Dennoch hält der Vorstand der BA das Konzept, Arbeitslose in Zeitarbeitsfirmen zu beschäftigen, nicht für gescheitert. 'Man kann von Maatwerk nicht auf andere Betreiber schließen. Andere PSA bestehen durchaus erfolgreich am Markt', sagt Vorstandsmitglied Heinrich Alt.

Andernorts wird das Konzept PSA allerdings in Frage gestellt.
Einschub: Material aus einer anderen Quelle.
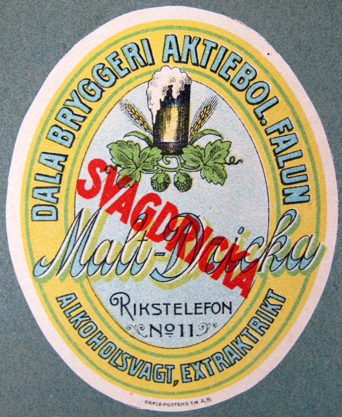 Etikett. Svagdricka. Svagdricka. Dala Bryggeri Aktiebol. Falun
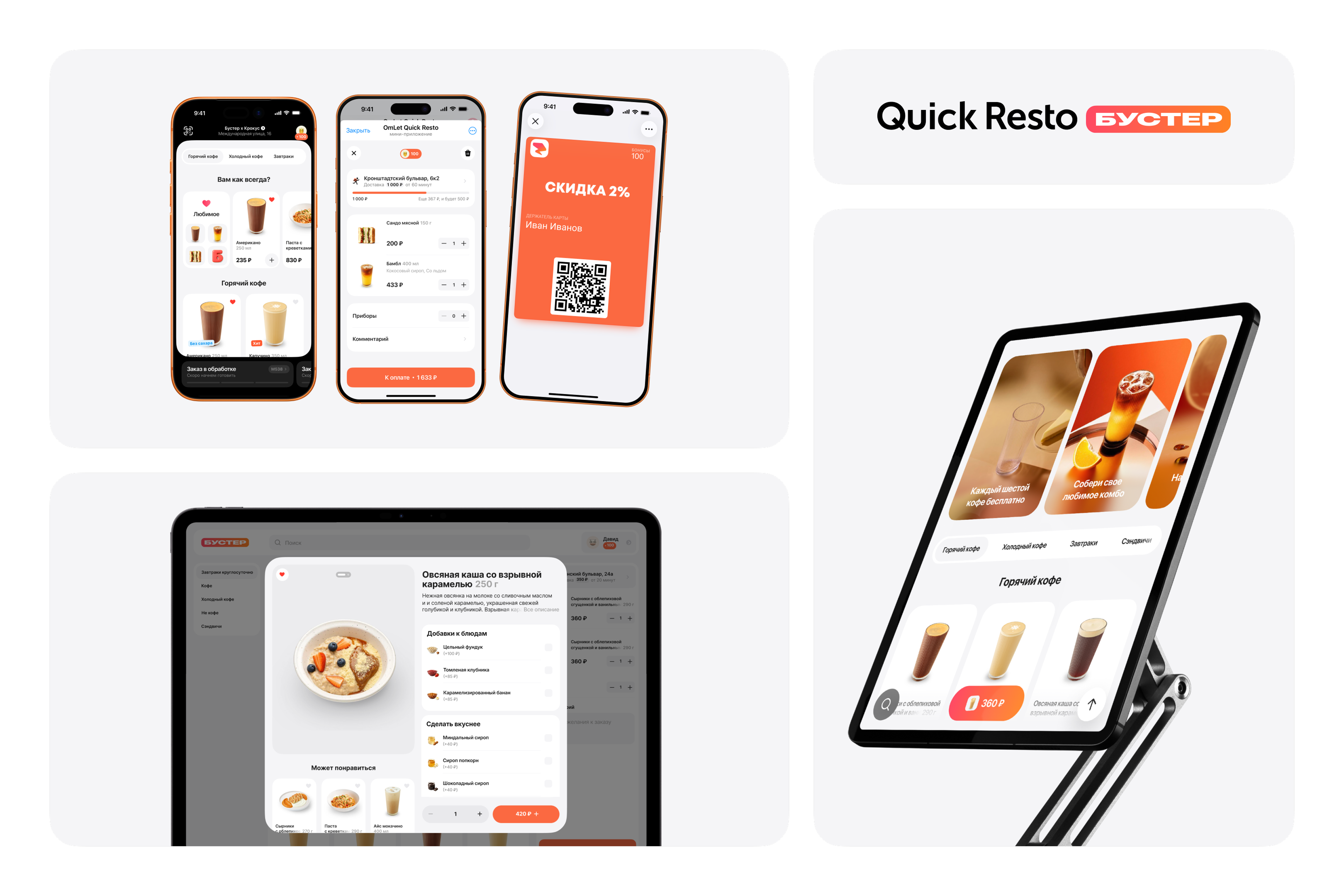 Продукты «Бустера» — это интегрированный комплекс цифровых решений, разработанный для увеличения продаж и размещенный на платформе Quick Resto. «Бустера» позволяет значительно увеличить продажи и оптимизировать рабочие процессы. Все элементы комплекса легко адаптируются под ваш корпоративный стиль, включая логотип, фирменные цвета и название, обеспечивая единое и узнаваемое представление бренда.
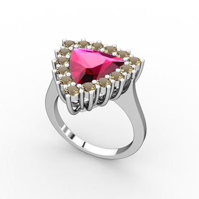 Rodolit garnet ve dumanlı kuvars 8 ayar beyaz altın yüzük
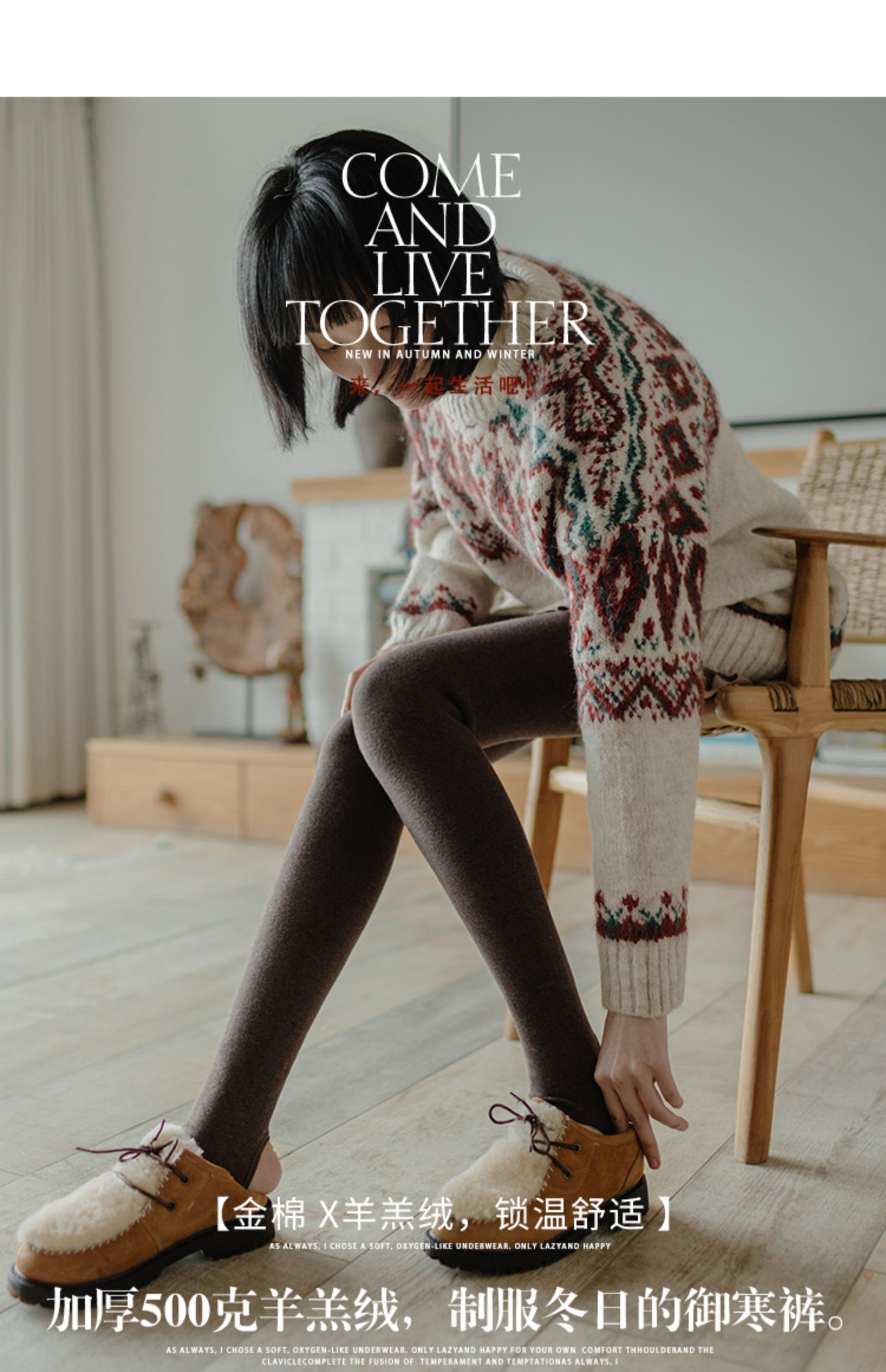 靴下物500g羊羔绒保暖连裤袜加绒加厚踩脚黑灰色打底袜冬季棉裤
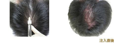頭皮に投与することで、毛母細胞および周囲幹細胞が刺激され、頭皮・毛髪の再生を促します。
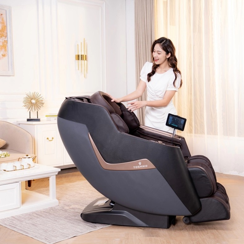 Ghế massage Toshiko là thương hiệu Nhật Bản, lắp ráp tại Trung Quốc theo tiêu chuẩn Nhật.
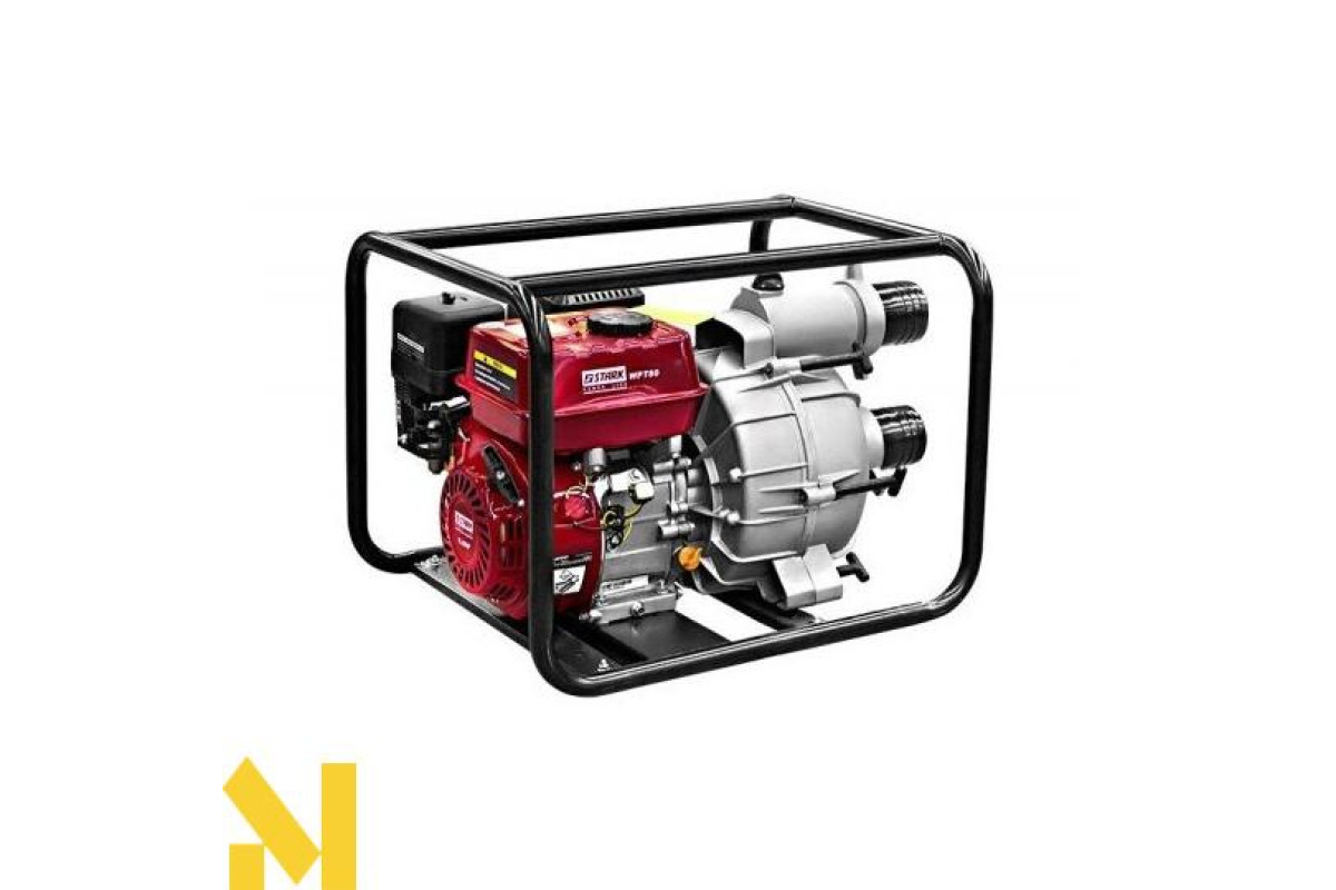 Stark WPT 80 - мотопомпа бензинова, призначена для зрошення городів і садових ділянок, водопостачання дач та котеджів, осушення басейнів, аварійної подачі води та її відкачки (розмір часток до 2,5 см).
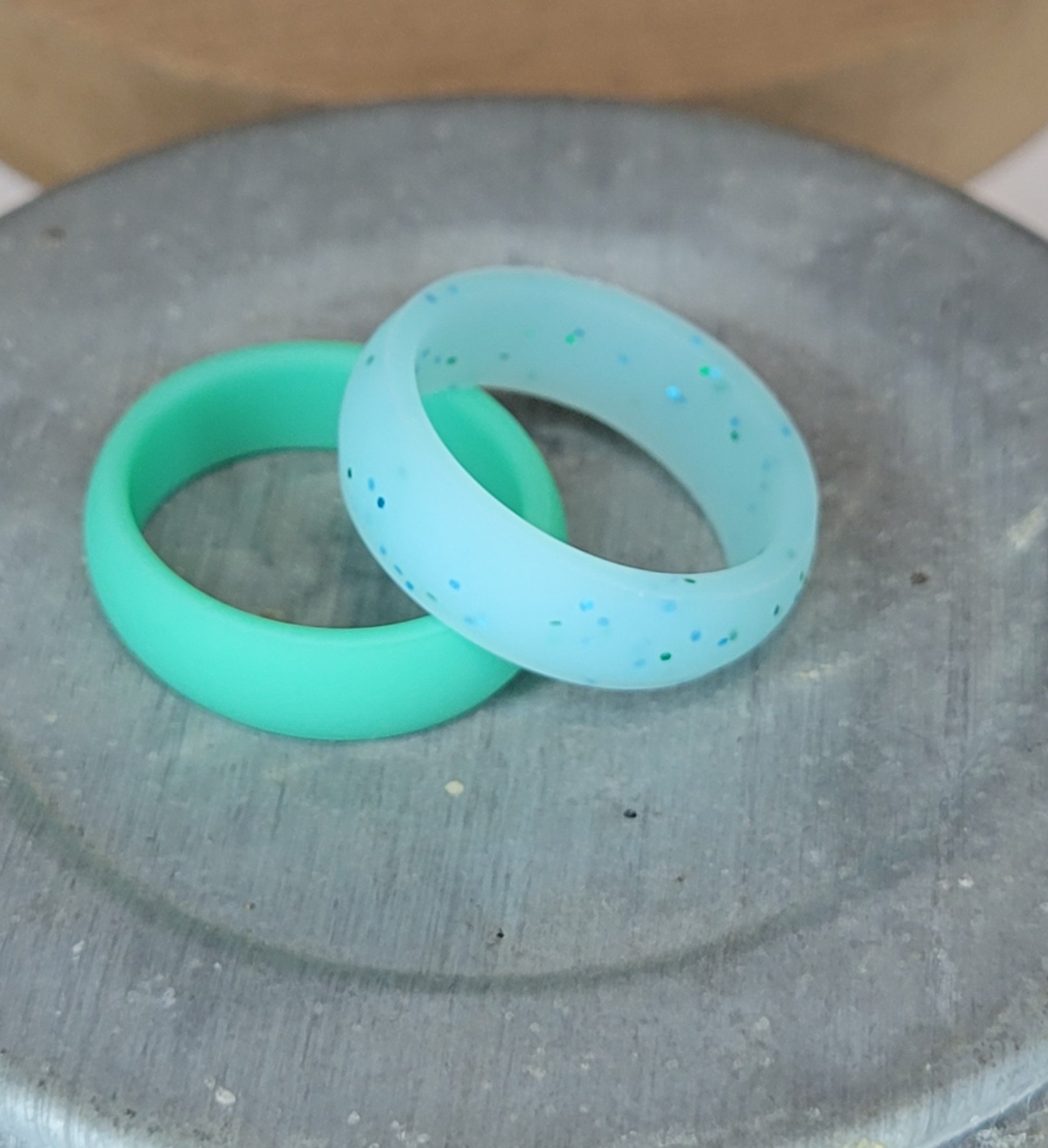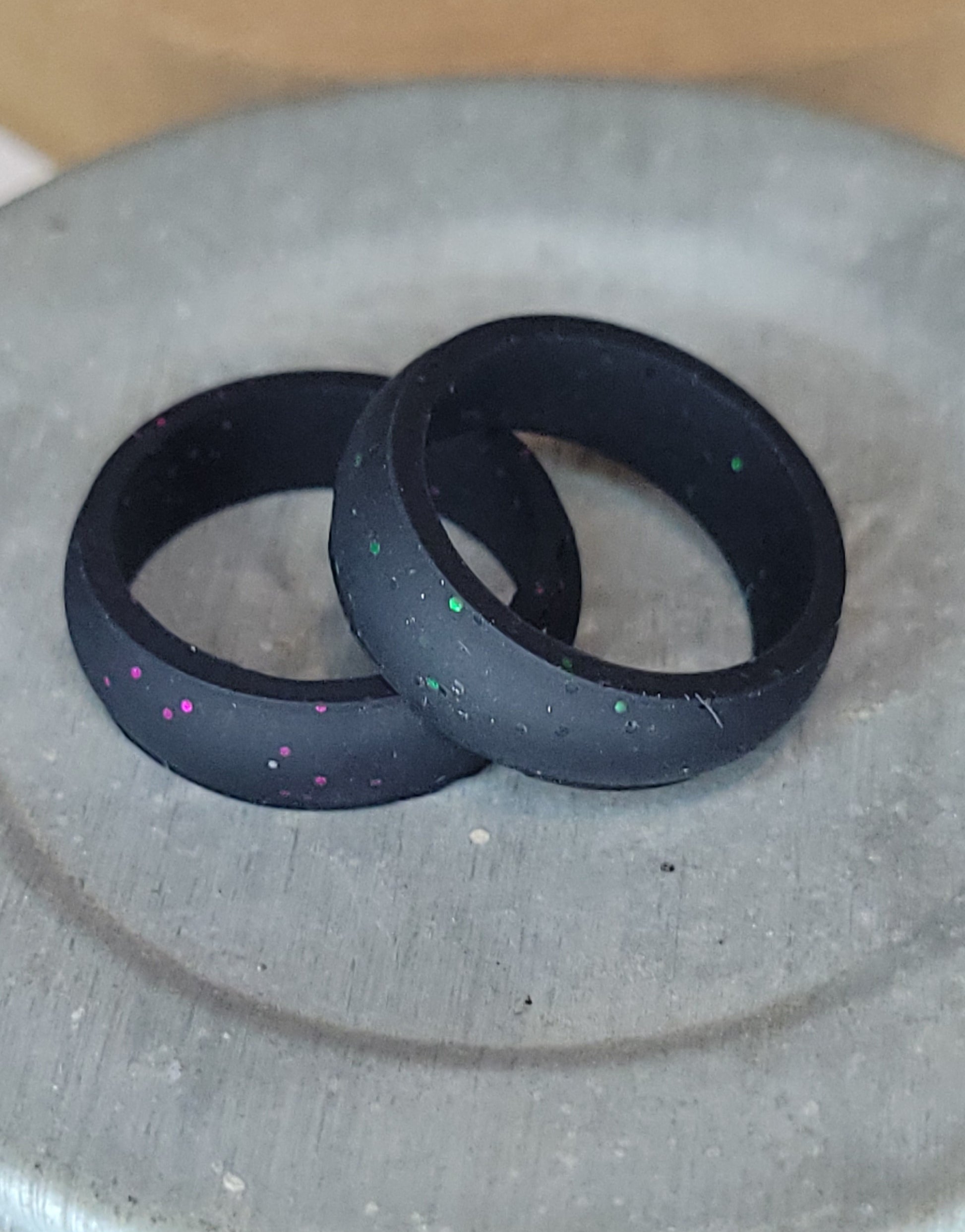 A set of two women's silicone rings: one glitter one plan, offers both comfort and style. Rings designed to be lightweight, durable and flexible. The addition of glitter adds a touch of sparkle, making these not only practical but also fashionable.
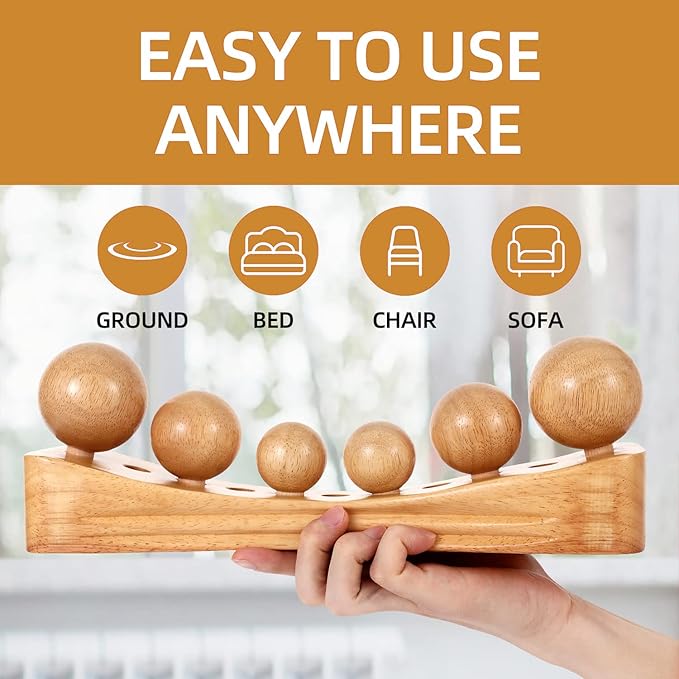 - We use natural high-quality rubber wood, which is moisture-proof, does not change color, durable, smooth and burr-free, non-toxic to the human body, portable, light, ergonomic, and easy to clean.The stable structure gives you the freedom to massage any part of your back or hip that has muscle tension, soreness, and pain.
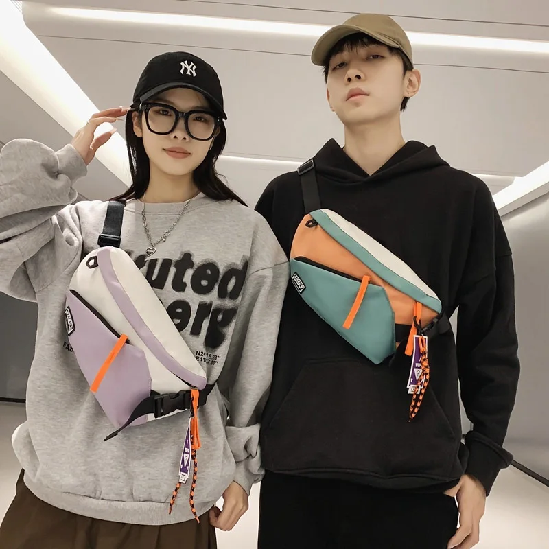 Color: PURPLE - Chest Rig Bag Women Fanny Pack Streetwear Chest Bags Multi-function Unisex Nylon Hip hop Waist Bag Phone pocket
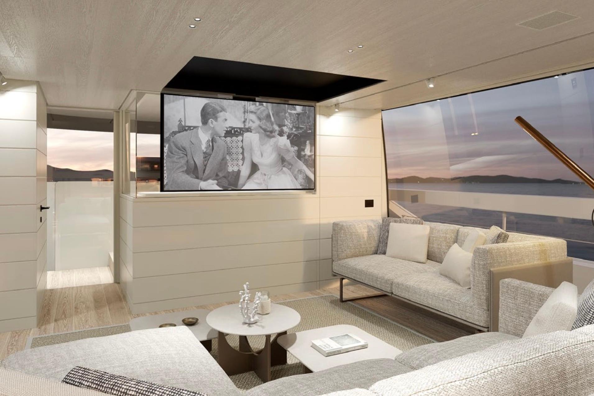 Expansive main deck salon with full-height glass and seamless indoor/outdoor flow

Der Vorwurf an die BA: Vertragsmängel erlauben es den PSA, Arbeitslose am Monatsende einzustellen und ein paar Tage später schon wieder zu entlassen - und nebenbei zwei Monatspauschalen einzustreichen. Die Agenturen für Arbeit zahlen nämlich für jeden PSA-Kandidaten neun Monate lang Zuschüsse von monatlich bis zu 1.300,- Euro. Laut WirtschaftsWoche (Nr. 9/2004) hat Maatwerk vor allem auf diese Einnahmen, anstatt auf die aus dem Verleih der Zeitarbeitskräfte gesetzt. Laut Expertenaussage ist dieses Verhalten kein Einzelfall. Mit weiteren PSA-Insolvenzen sei daher zu rechnen.